The deduced BFN1 protein sequence predicts a mature protein of 32 kD after cleavage of the signal peptide. However, expression of the BFN1 cDNA in Arabidopsis results in the production of a unique 38-kD protein with both RNase and DNase activity. It is likely that the size discrepancy occurs because BFN1 is glycosylated at Asn residues during its transit through the secretory pathway. Predicted glycosylated residues based on the consensus sequence Asn-Xaa-Ser/Thr, where Xaa indicates any amino acid residue (Marshall, 1972), are located at positions 94, 112, and 186 of the mature BFN1 protein. At least two of these align with glycosylated Asn residues in nuclease P1 (Maekawa et al., 1991). Another Asn residue in the BFN1 sequence that is not predicted to be an N-glycosylation site (position 142) is conserved in nuclease P1 protein as an Asn residue that is N-glycosylated. Thus, it is highly likely that BFN1 is modified post-translationally by the addition of two or three carbohydrate moieties. A number of the other nucleases, including nuclease S1 (Iwamatsu et al., 1991) and nucleases from mung bean (Laskowski, 1980), pea seed (Naseem et al., 1987), barley seed (Brown and Ho, 1986, 1987), rye germ ribosome (Siwecka et al., 1989), and spinach (Strickland et al., 1991), are glycoproteins, with carbohydrate contents that account for 17% to 29% of the final relative M_r (for review, see Gite and Shankar, 1995).

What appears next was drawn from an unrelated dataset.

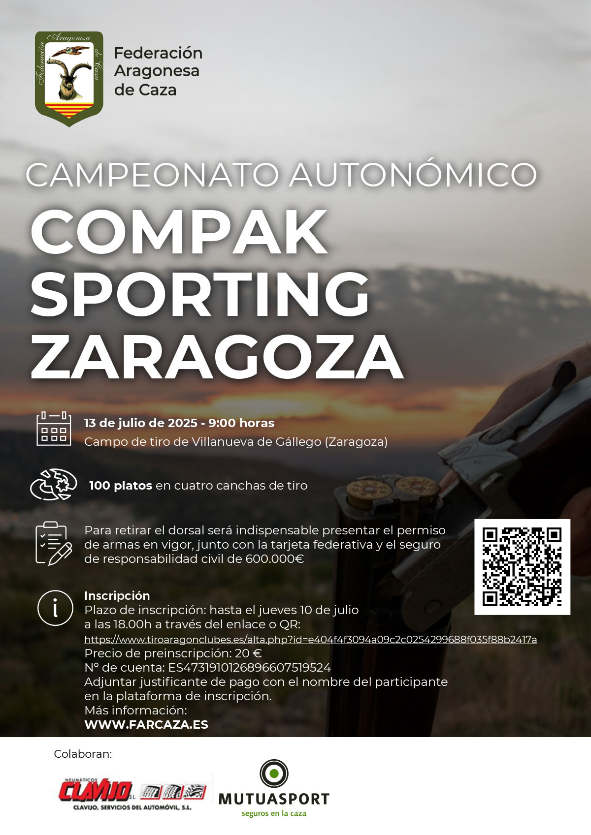 Plazo de inscripción: hasta el jueves 10 de julio a las 18.00h a través del enlace o QR: https://www.tiroaragonclubes.es/alta.php?id=e404f4f3094a09c2c0254299688f035f88b2417a Precio de preinscripción: 20 € Nº de cuenta: ES4731910126896607519524 Adjuntar justificante de pago con el nombre del participante en la plataforma de inscripción.

Now that the BFN1 gene has been isolated and its activity identified, the role of its potential glycosylation sites and its location within the secretory system can be investigated. Further, the strong and specific response of BFN1 to senescence indicates that it should be an excellent tool with which to study the mechanisms of senescence induction, as well as the role of the enzyme in senescence using reverse genetic approaches and other methodologies in Arabidopsis.